EXERCISE DIRECTIONS :: Copy the data below exactly, omitting any picture it contains.

DATASET SECTION ::

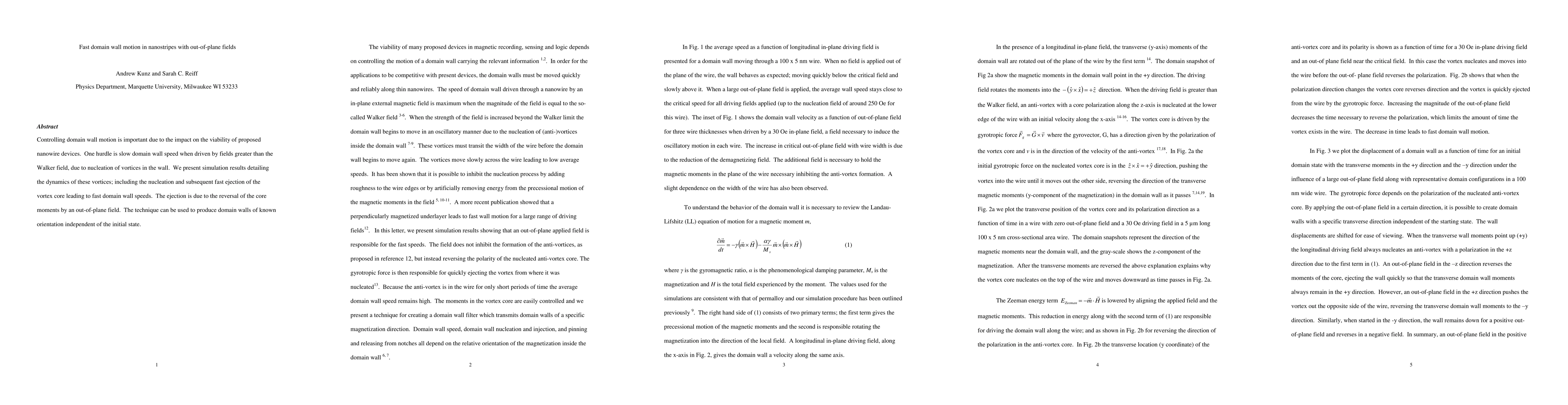 This paper investigates fast domain wall motion in nanostripes driven by out-of-plane fields, revealing the dynamics of vortex nucleation and ejection, which significantly enhances wall speed. The technique allows for domain walls of predictable orientation, independent of initial conditions.
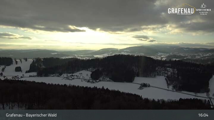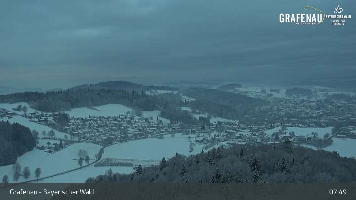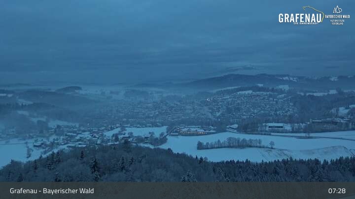 Genieße den Ausblick auf den Luftkurort Grafenau im Bayerischen Wald. Die Kamera befindet sich südlich der Stadt und blickt nach Norden über die Stadt zum Nationalpark Bayerischer Wald.
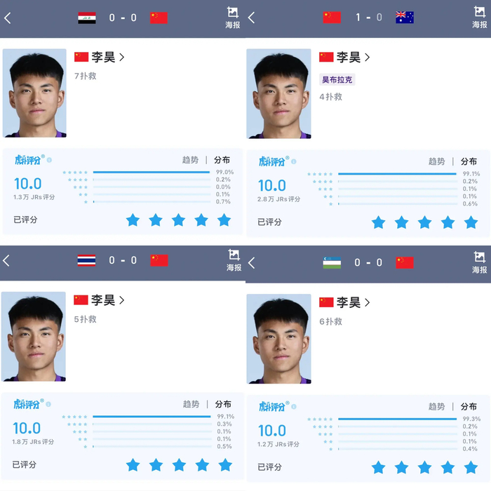 #u23国足晋级亚洲杯四强##u23国足4比2乌兹别克斯坦u23# U23亚洲杯已战至1/4决赛阶段,中国U23守门员李昊发挥神勇,4场比赛皆首发出战打满全场,淘汰赛面对乌兹别克斯坦点球大战关键扑点,并且全部比赛均收获虎扑JRs满分评分!
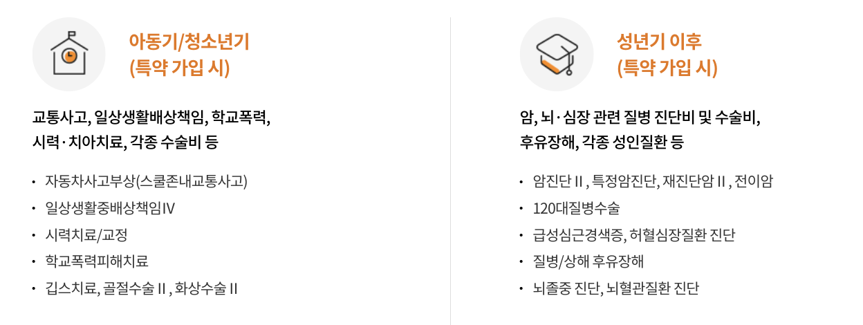 ✔️ 아이들이 뛰어놀다가 다치는 일이 많은 만큼, 골절/수술비 특약은 필수입니다.

TASK OUTPUT ::
 This paper investigates fast domain wall motion in nanostripes driven by out-of-plane fields, revealing the dynamics of vortex nucleation and ejection, which significantly enhances wall speed. The technique allows for domain walls of predictable orientation, independent of initial conditions.
 Genieße den Ausblick auf den Luftkurort Grafenau im Bayerischen Wald. Die Kamera befindet sich südlich der Stadt und blickt nach Norden über die Stadt zum Nationalpark Bayerischer Wald.
 #u23国足晋级亚洲杯四强##u23国足4比2乌兹别克斯坦u23# U23亚洲杯已战至1/4决赛阶段,中国U23守门员李昊发挥神勇,4场比赛皆首发出战打满全场,淘汰赛面对乌兹别克斯坦点球大战关键扑点,并且全部比赛均收获虎扑JRs满分评分!
 ✔️ 아이들이 뛰어놀다가 다치는 일이 많은 만큼, 골절/수술비 특약은 필수입니다.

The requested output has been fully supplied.